Radio Białystok | Felieton | Europa po suwalsku - felieton Tomasza Kubaszewskiego
autor: Tomasz Kubaszewski
"Ale k.... jaki wstyd wy świnie suwalskie, pier.... mochery jak wy się zachowujecie. Rano wzięłaś jedna z drugą szmato komunie. Won k... przeklęte, stare szmaty" - napisała na portalu społecznościowym pracownica suwalskiego Miejskiego Ośrodka Pomocy Rodzinie. Potem dodała jeszcze, że jest jej przykro, iż mieszka w Suwałkach.
Tak skomentowała wizytę w tym mieście prezydenta Andrzeja Dudy. Choć do końca nie bardzo wiadomo, co konkretnie. Czy był to wyraz frustracji spowodowanej rekordową frekwencją, jakiej w Suwałkach na politycznym wiecu jeszcze nigdy nie odnotowano, czy też jednak odniosła się w ten sposób do zdarzenia z udziałem opozycyjnej bojówki. Jej członkowie mieli ze sobą transparent z napisem "Andrzej Duda prezydentem wszystkich pedofilów", a otaczających ich ludzi częstowali określeniami typu "ciemnogród" oraz drwinami z uzębienia, czy braku włosów. Słowem - pełna kultura. Zdaje się, że pracownica Miejskiego Ośrodka Pomocy Rodzinie ujęła się właśnie za tymi bojówkarzami, którzy zresztą przyjechali w większości z innych miast.

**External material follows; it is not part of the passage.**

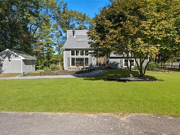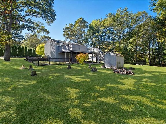 Beautiful home set on a partially wooded ½-acre corner lot offering modern comfort and versatility. This spacious 3-bedroom home includes a wonderful floorplan, with 2 bedrooms up, an updated full bath, and an open-concept living area with cathedral ceilings. The kitchen features stainless steel appliances, granite countertops, and a center island perfect for entertaining. The above grade walk out lower level includes living space, a 3rd bedroom, laundry storage and a utility room. Enjoy the expansive outdoor deck, fire pit, and large yard for gatherings. A backyard shed provides space for tools, while the extra-large 250 sq. ft. outbuilding offers endless possibilities for storage, hobbies, or larger equipment. Conveniently located near area lakes, the Center of New England, and I-95, ideal for both relaxation and commuting.

Kim jest ta pani? Jak to określa się w nomenklaturze koronawirusowej - znajduje się w sile wieku, albo nawet w przedziale "osoby starsze". Jest zatrudniona na stanowisku specjalisty pracy socjalnej. Taki specjalista - jak czytam w jednym z opracowań na ten temat - ma m.in. działać na rzecz rodzin i środowisk społecznych, ułatwiając im realizację zadań oraz aspiracji życiowych. A cechy, jakie powinien mieć? M.in. zdolność do zachowania postawy nieoceniającej, zdolności mediacyjne, odporność emocjonalna, samokontrola, wysoka kultura osobista. Czy coś tu jeszcze trzeba komentować? Niech każdy sam odpowie sobie na pytanie, czy ta pani nadaje się do pracy na takim stanowisku, czy się nie nadaje. No i wyrazy współczucia jej podopiecznym.
Ciekawe, jaka będzie ostateczna reakcja dyrektora MOPR-u, czy też prezydenta Suwałk, któremu ośrodek podlega. Cztery lata temu, kiedy urzędniczka z wydziału KULTURY miejscowego Ratusza napisała o Jarosławie Kaczyńskim "upiór, zamiast mózgu ma chyba k.... drut kolczasty", dostała raptem naganę. Taki klimat w mieście, taki klimat - chciałoby się rzec.
Tuż przed wyborami jeden z radnych od suwalskiego prezydenta rozsyłał SMS-y nawołujące do głosowania na Rafała Trzaskowskiego. "Albo Europa i unijne pieniądze, albo grajdołek" - stwierdził. Tak, wpisy miejskich urzędniczek to jest ta Europa. Po suwalsku.